Let’s run following command to fill the transcript_i or gene_i column.

sh scripts/update_annotation_gene_i.sh transcript_go

Similalrly when we have annotation based on gene IDs, we have to fill gene_annotation tables.

You may also load additional annotation as secondary tables to the GenIE-Sys database. If there is a transcript-based annotation, please use the following script to create a corresponding table (please replace annotation with the name of the annotation).
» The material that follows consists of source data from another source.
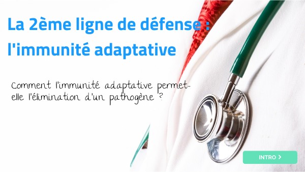 Comme nous l'avons vu précédemment, l'immunité innée est la 1ère réaction mise en oeuvre par notre corps pour se défendre contre les micro-organismes tels que les bactéries ou les virus. Cependant, dans certains cas, cette réaction ne suffit pas. Notre organisme doit également se défendre contre certaines de ses cellules qui ont été modifiées (potentiellement cancéreuses). Une deuxième ligne de défense est alors nécessaire. Cette dernière, plus spécifique du pathogène, existe chez tous les vertébrés.
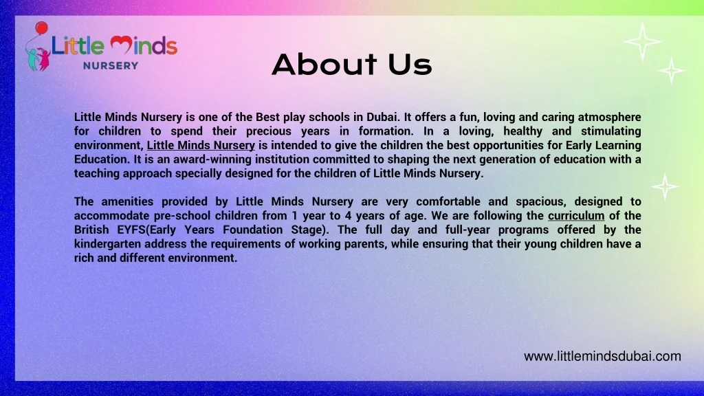 About Us Little Minds Nursery is one of the Best play schools in Dubai. It offers a fun, loving and caring atmosphere for children to spend their precious years in formation. In a loving, healthy and stimulating environment, Little Minds Nursery is intended to give the children the best opportunities for Early Learning Education. It is an award-winning institution committed to shaping the next generation of education with a teaching approach specially designed for the children of Little Minds Nursery. The amenities provided by Little Minds Nursery are very comfortable and spacious, designed to accommodate pre-school children from 1 year to 4 years of age. We are following the curriculum of the British EYFS(Early Years Foundation Stage). The full day and full-year programs offered by the kindergarten address the requirements of working parents, while ensuring that their young children have a rich and different environment. www.littlemindsdubai.com
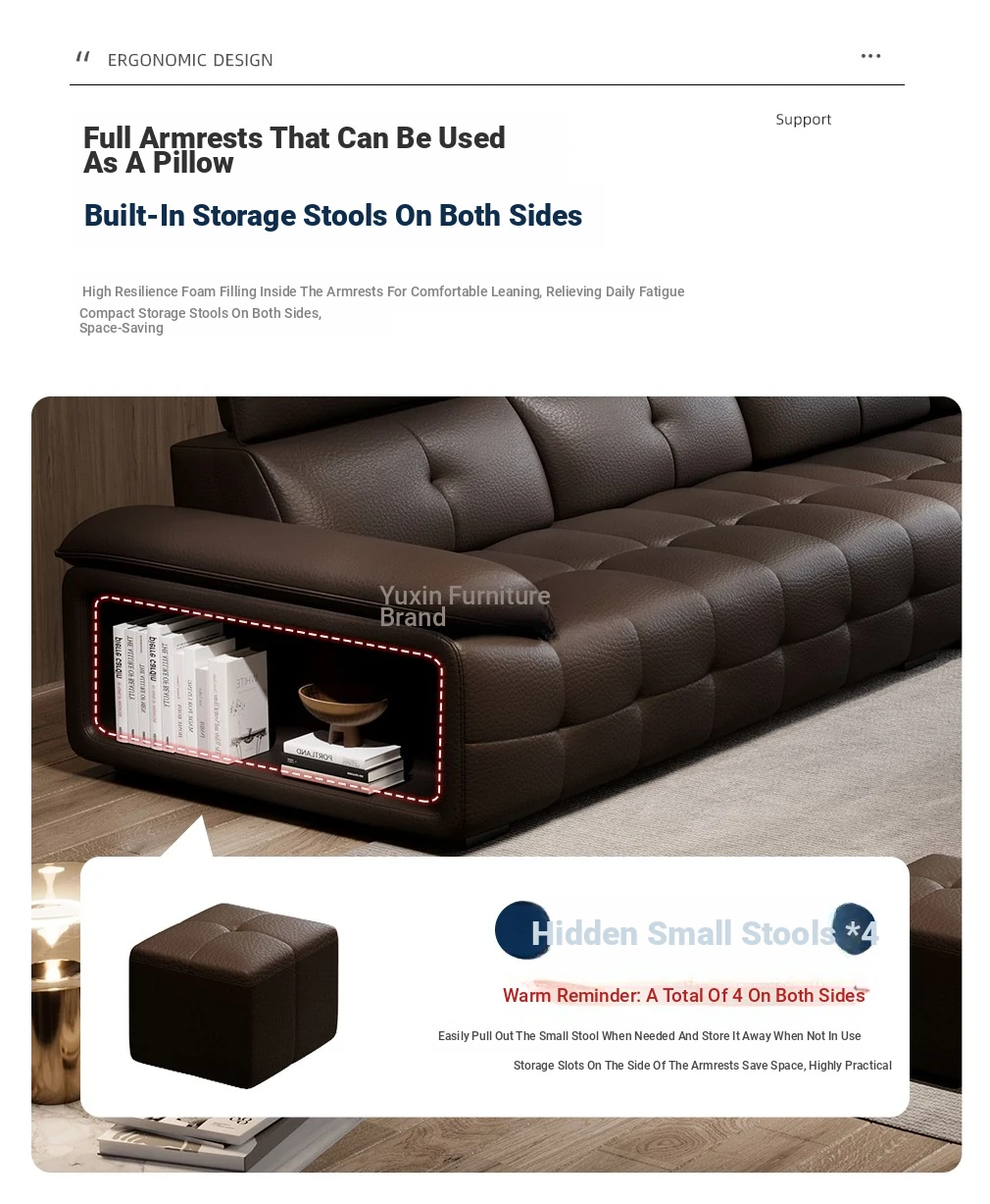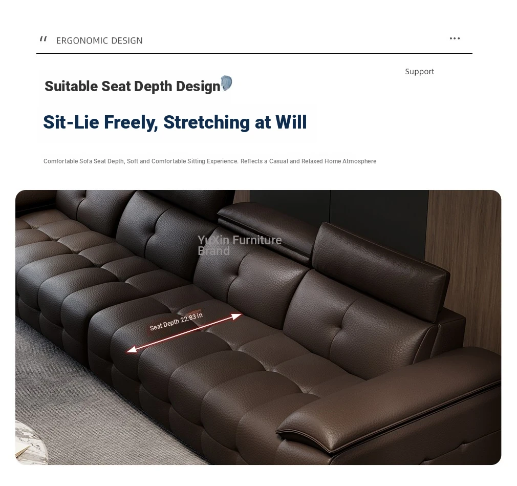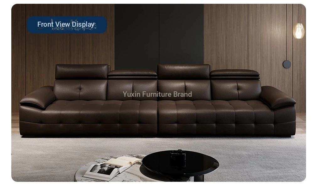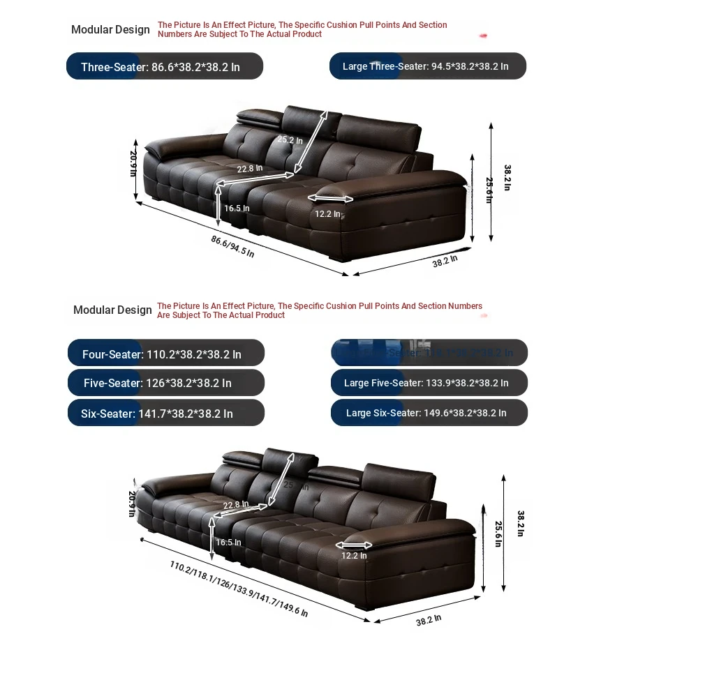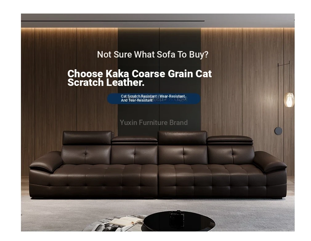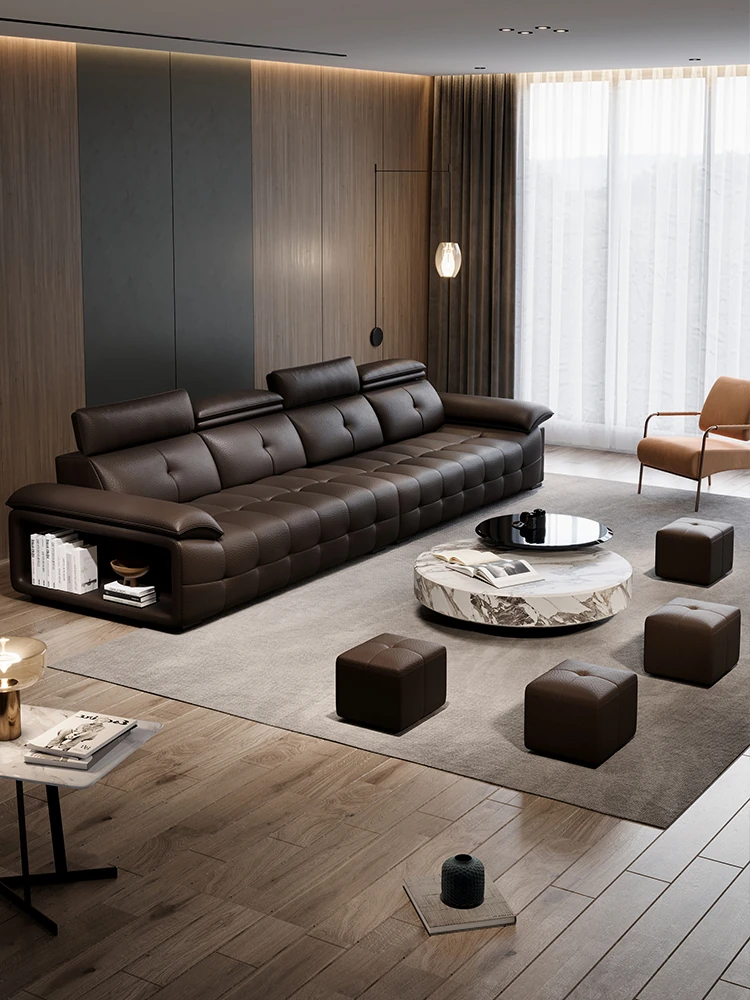 Italian Luxury Cat Scratch Resistant High-Back Functional Sofa - Modern Minimalist Vintage Villa Piano Key Leather Couch

-- ----------------------------
-- Table structure for `transcript_annotation`
-- ----------------------------
DROP TABLE IF EXISTS `transcript_annotation`;
CREATE TABLE `transcript_annotation` (
`transcript_id` varchar(255) NOT NULL,
`annotation_description` varchar(1000) DEFAULT '' NOT NULL,
`transcript_i` mediumint(20) unsigned DEFAULT 0 NOT NULL,
PRIMARY KEY (`transcript_i`,`transcript_id`),
) ENGINE=MyISAM DEFAULT CHARSET=latin1 ROW_FORMAT=COMPACT;

If there is a gene-based annotation, please use the following script to create a corresponding table (please replace annotation with the name of the annotation).

-- ----------------------------
-- Table structure for `gene_annotation`
-- ----------------------------
DROP TABLE IF EXISTS `gene_annotation`;
CREATE TABLE `gene_annotation` (
`gene_id` varchar(255) NOT NULL,
`annotation_description` varchar(1000) DEFAULT '' NOT NULL,
`gene_i` mediumint(20) unsigned DEFAULT 0 NOT NULL,
PRIMARY KEY (`gene_i`,`gene_id`),
) ENGINE=MyISAM DEFAULT CHARSET=latin1 ROW_FORMAT=COMPACT;

Finally you may need to add the new annotation into /plugins/genelist/genelist/service/config.php to make it searchable in the GeneSearch tool.